Wild Wild Witches: "Pale Door" a not-great, not-unenjoyable horror-western hybrid


The Pale Door (2020)
96 min.
Release Date: August 21, 2020 (Digital & On Demand)

A horror-western hybrid, “The Pale Door” is what one might imagine if “From Dusk Till Dawn” traded in kill-happy criminal brothers and stripper vampires for Old West bandits and a brothel of witches. It’s also not as much fun as that 1996 Robert Rodriguez-Quentin Tarantino joint or even 1995’s “Tales from the Crypt Presents: Demon Knight” (which, for some reason, frequently came to mind). After an overly talky setup that earnestly wants to play like the oaters of yore but comes across as an amateurish History Channel reenactment, writer-director Aaron B. Koontz (2017’s “Camera Obscura”) and co-writers Cameron Burns and Keith Lansdale have a better handling halfway through once they embrace the horror portion of their genre mash-up. Enthusiastically made, “The Pale Door” is no-great-shakes, not-unenjoyable schlock that could have used a helping hand from Sam Raimi.
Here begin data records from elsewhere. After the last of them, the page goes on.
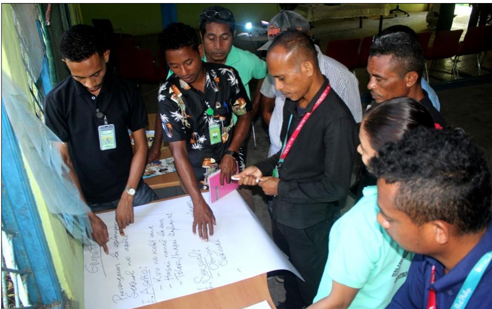
Photo: CCC staff members participating in child protection refresher training.

The Friends of Suai Coordinator has supported the CCC Director to develop new policies and write grant proposals. Friends of Suai Committee members have also provided training and mentoring to staff on topics including reporting, staff management and succession planning.
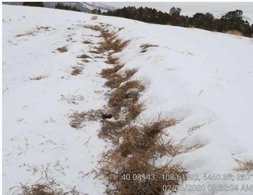
Photo 6. Weed debris.

Fletcher Gulch 4-44 API: 05-103-10890 Inspection: 679707197
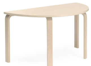
Semi-circle or trapezoid 120x60 H72 cm, birch laminate
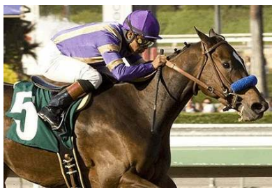
Mamma Kimbo

All carry 118 pounds, except My Miss Aurelia, 123.
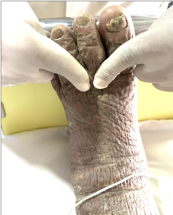
Figure 2. The positive Kaposi-Stemmer sign.

The results of the laboratory evaluation, including blood count, cardiac enzymes, D-dimer, C-reactive protein, metabolic profile, and thyroid function test were normal. Abnormal values included B-type natriuretic peptide levels of 467 pg/mL (reference range, up to 100). Blood cultures showed no organisms. Chest radiograph images showed scattered pulmonary infiltrate with prominent hilar markings, and the electrocardiogram showed a partial left bundle branch block. Echocardiography showed an ejection fraction of 20% and dilated left and right chambers. There was also global hypokinesia with a thinned left ventricle and mild mitral and tricuspid regurgitation. Doppler sonography did not show any arterial or venous clots. Computed tomography angiography showed normal coronary arteries. The patient was admitted as a working diagnosis for dilated cardiomyopathy and presumed elephantiasis of the left leg. A skin biopsy was consistent with stasis dermatitis, and a diagnosis of ENV superimposed on lymphedema praecox with congestive cardiac failure was confirmed.
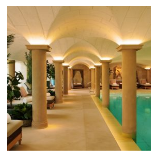
ELITE Spa pool
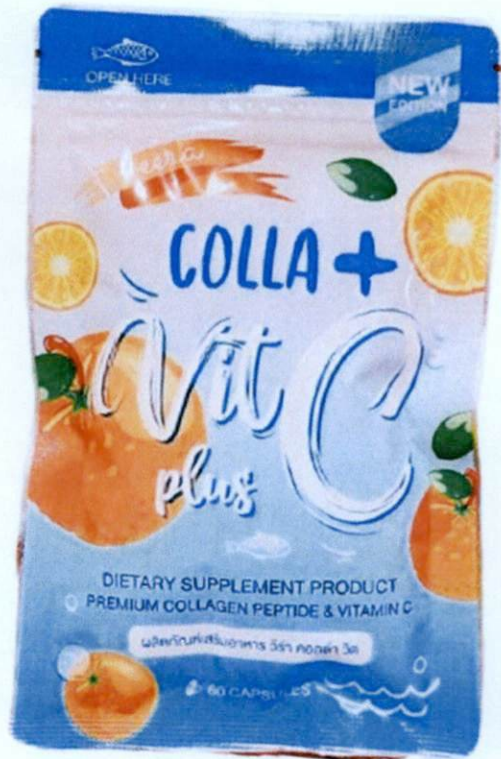
Figure 3. Unregistered COLLA+ VIT C PLUS Premium Collagen Peptide & Vitamin C Dietary Supplement Product
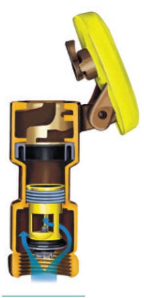
Quick-Coupling Valve Cutaway
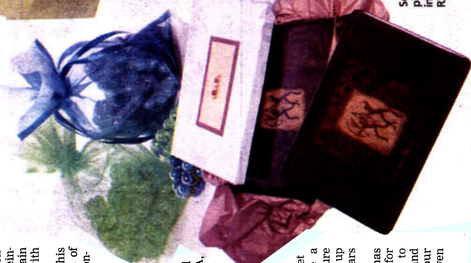
Set of four placemats in a box, R280.
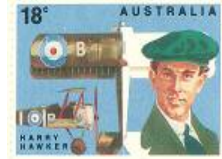
Harry Hawker postage stamp

a test pilot, and so, with two other test pilots employed by the Sopwith Aviation Co., he began testing 'Tabloids', 'Pups', triplanes and 'Camels' for use in WWI.

Since they witnessed their parents being attacked and murdered late one night, brothers Duncan (Zachary Knighton) and Jake (Devin Druid) have drifted apart. Duncan is now an outlaw member of the Dalton gang, while the more-innocent Jake earns himself an honest living sweeping at a local saloon. When Duncan finds Little Brother, he convinces him to join them for their next train robbery. Of course, the robbery does not go off without a hitch, leaving Duncan to take a bullet, literally, and become severely injured. On board, the gang finds a trunk, but when they open to find a young woman named Pearl (Natasha Bassett) locked in, they expected “a little more gold and a little less girl.” Pearl makes a deal with them; if they take her home, she promises them a doctor and a handsome reward. They all learn the hard way when Pearl leads them to a brothel in her ghost town, where the women make up a coven of 200-year-old witches, led by Pearl's mother Maria (Melora Walters). Maria has a particular eye on Jake for being uncorrupted and having never taken a life.

If anything, “The Pale Door” does offer an interestingly assembled cast of character actors, including Stan Shaw, Pat Healy, Noah Segan, and Bill Sage, who all play colorful sitting ducks. As the loyal Lester and the hard-ass Dodd, Shaw and Sage stand out the most, and Devin Druid (Netflix’s “13 Reasons Why”) is the film's unsoiled heart as Jake. Energetic day player Tina Parker gets sidelined all too quickly as Annie Oakley wannabe Brenda. Melora Walters also seems to be having a hoot of a time, vamping it up as the once-burnt-at-the-stake madam Maria. The practical make-up and gore effects are something, especially when the prostitutes begin morphing into hideous, crispy-skinned hags. Ultimately neither fish nor fowl, “The Pale Door” won’t be added to the Criterion Collection anytime soon. On occasion, however, when it has no apologies and doesn’t take itself so seriously as a tale of penance, there are traces of a not-bad B-movie in there somewhere.